The Wrestler had great performances/direction and would make an excellent companion piece to Anvil if you were doing a festival or whatever. Slumdog was a vibrant slice of ‘neo-Dickensian fairytale’, and Star Trek was a nice little guilty-pleasure roller coaster of a film in a similar vein to what Iron Man was last year.

Watchmen wasn’t the mess that I’d feared it could be, but I think a better director (Paul Greengrass for instance, who was previously attached to the project) could have taken some of the themes and adapted it into something more interesting. I thought the film had put the original book up on this impossible pedestal and the director was so worried about offending the fans/creators that he just stuck as closely to the page as possible. This method was successful in some places (the Dr Manhattan flashbacks-on-Mars sequence was really good to see on film), but the original was essentially a comic about comics, and so this panel-by-panel adaptation just felt slightly pointless almost, and the directors visual styles ended up undoing some of the comic’s main points – the wire-work and slow-mo made them appear way too super-heroic. Again, Paul Greengrass’ more visceral style would have worked much better. On the plus side, the opening montage sequence was brilliantly realised, and the altered ending was in my opinion better than the book’s. In other words, the bits where the director didn’t slavishly stick to the book were the film’s biggest successes.

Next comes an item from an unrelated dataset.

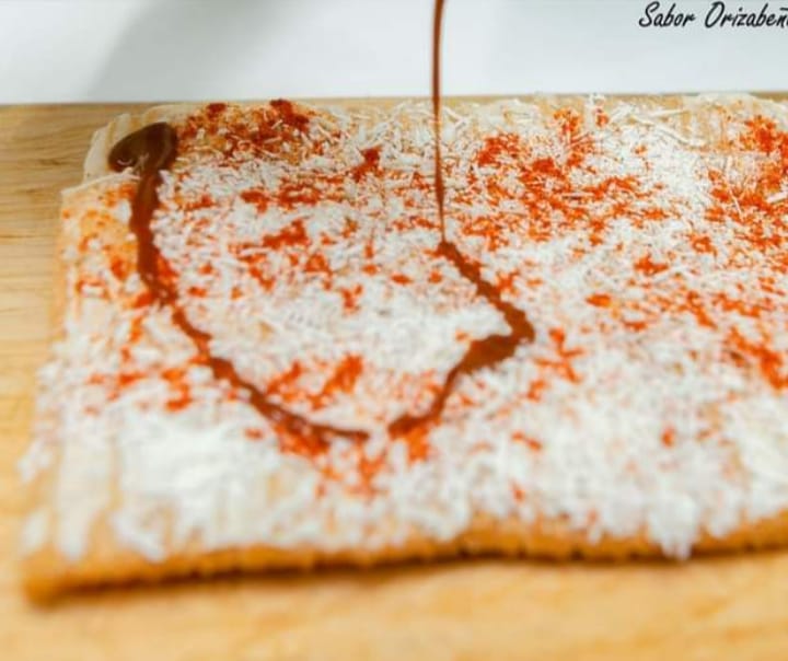 Crema, queso y chile en polvo.

I still can’t decide what I really thought about Synecdoche, New York. ‘Frustrating’ I guess. Just a long round-about way of saying not much at all. Which is sort of the point of it. Not as good as Eternal Sunshine/Adaptation/Being John Malkovich basically.

And yes, that’s my ’09 in films so far. Can you tell that I’m bored at work? I didn’t mean to go on so much…

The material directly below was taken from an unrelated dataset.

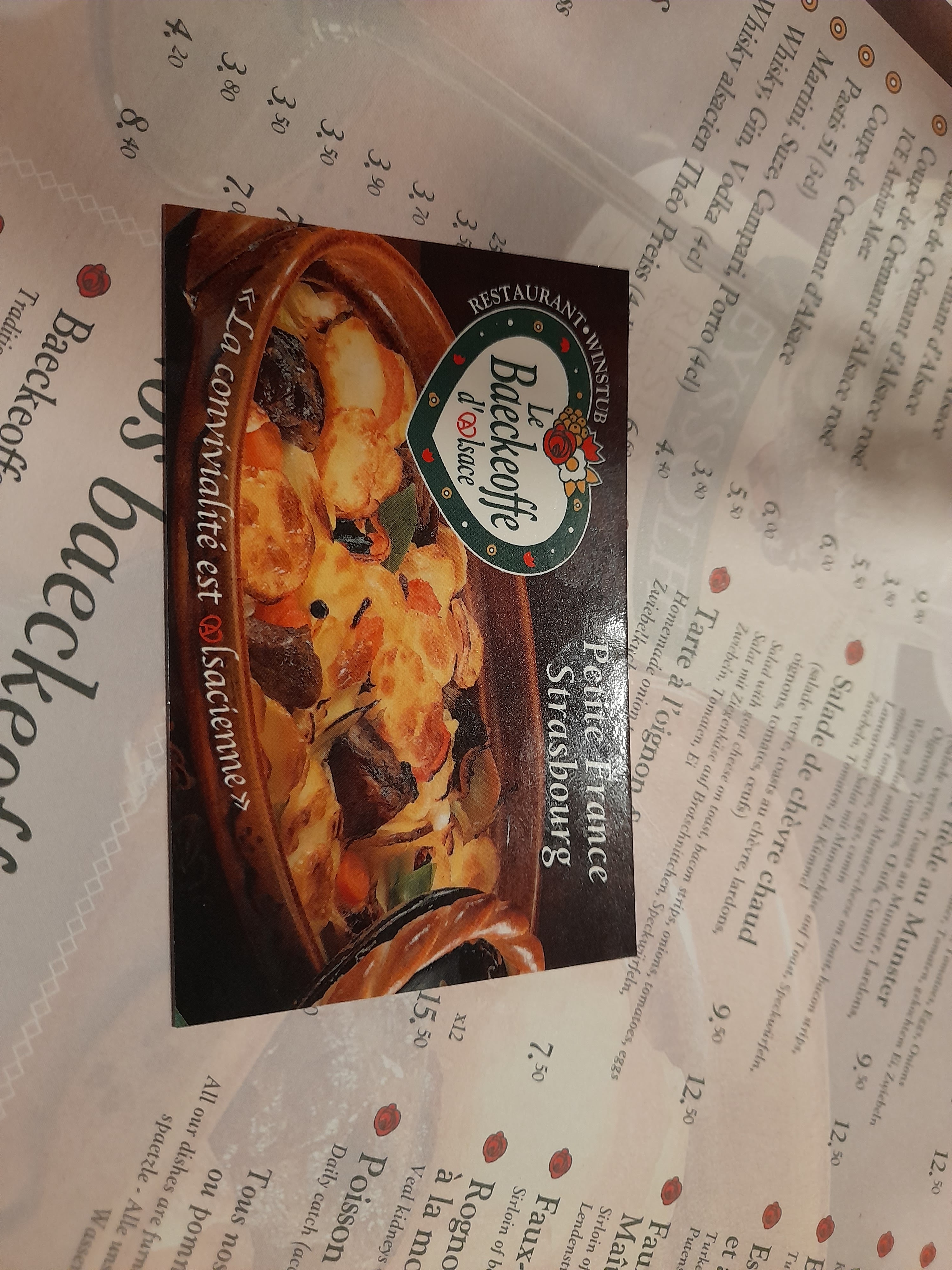 Un restaurant typique, les plats sont copieux. J'ai pris un plat baeckeoffe traditionnel et mon épouse à pris un plat baeckeoffe au saumon. On n'arrive pas terminer. Les baeckeoffes sont très bons.

David Simon at the Hay Festival

Another trip up the A470 to Hay-on-Wye. Got stuck behind the obligatory caravan for a good ol’ while. Witnessed lots of people driving stupidly, overtaking on blind corners and the like. Nice one.

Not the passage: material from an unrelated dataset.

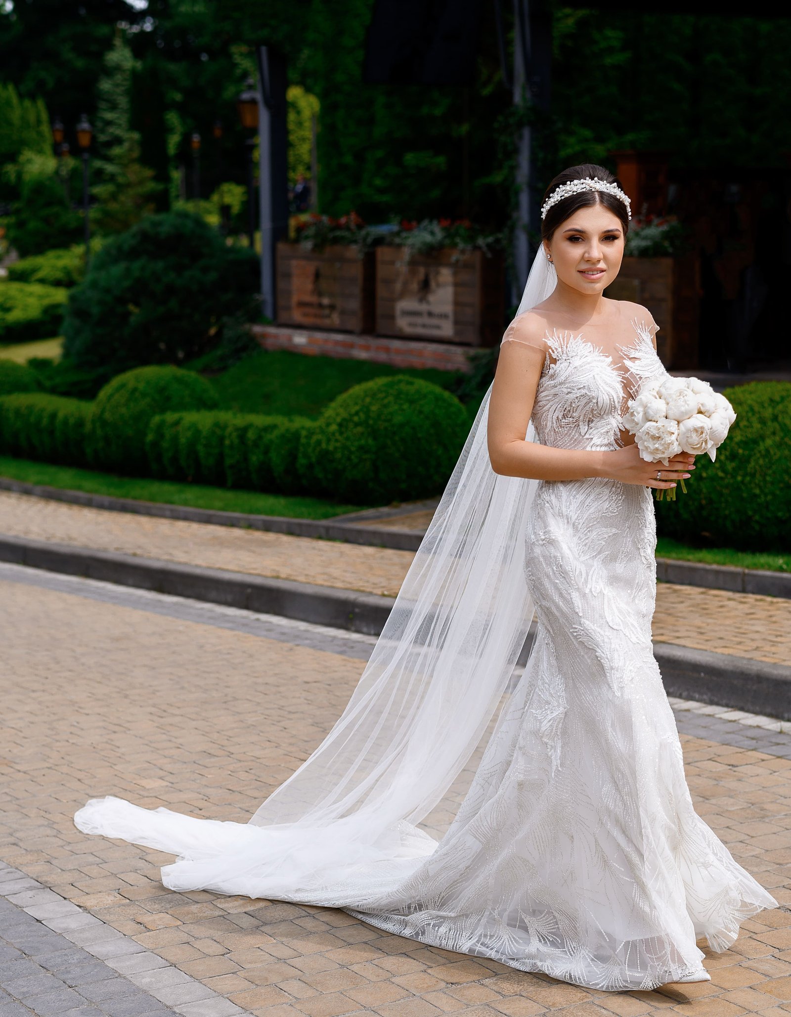 Beaded tulle with delicate illusion neckline.

Anyway, the reason I was going to Hay this time was to see David Simon, best known as creator of The Wire, but he was there to mainly discus his books ‘Homicide’ and ‘The Corner’. I thought that was pretty obvious, what with Hay being a ‘literary festival’ and all that, but the idiots sat behind me sounded a bit annoyed about it. The books formed the basis for the TV series so it’s not as though there wasn’t really any common ground.

The whole talk was really interesting, Simon held court on topics familiar to fans of The Wire – the collapse of regional newspaper journalism, the failure of the ‘war on drugs’, political corruption etc. He made a pretty powerful point about how the war on drugs has essentially descended into a war on the poor. I would have happily sat and listened to him for hours. I love hearing people who know their stuff talking about things they’re passionate about with clarity and authority, especially when they’re as likeable and down to earth as David Simon appeared to be.

It gave me the appetite to finally start reading The Corner, which has been sat on my shelf/coffee table/next to my side of the bed in various states of not-being-read, and I really need to purchase the DVDs of Generation Kill and The Corner.

Really looking forward to seeing Treme now, which is the new show he’s working on at the moment. Apparently it’s to do with New Orleans and Hurricane Katrina, so there’s plenty of scope for him to be David Simon-y about that!

Downsides: the idiots behind me kept having little chats amongst themselves, and seemed incapable of sitting calmly in a reasonable manner. They were like children. They kept shifting about and knocking the back of my chair. At one point the lady idiot went to get something from her bag and somehow managed to head-but my shoulder.

I was on the verge of Having Words but I didn’t really want to Make A Scene in front of David Simon. I’m sure he would have been on my side though.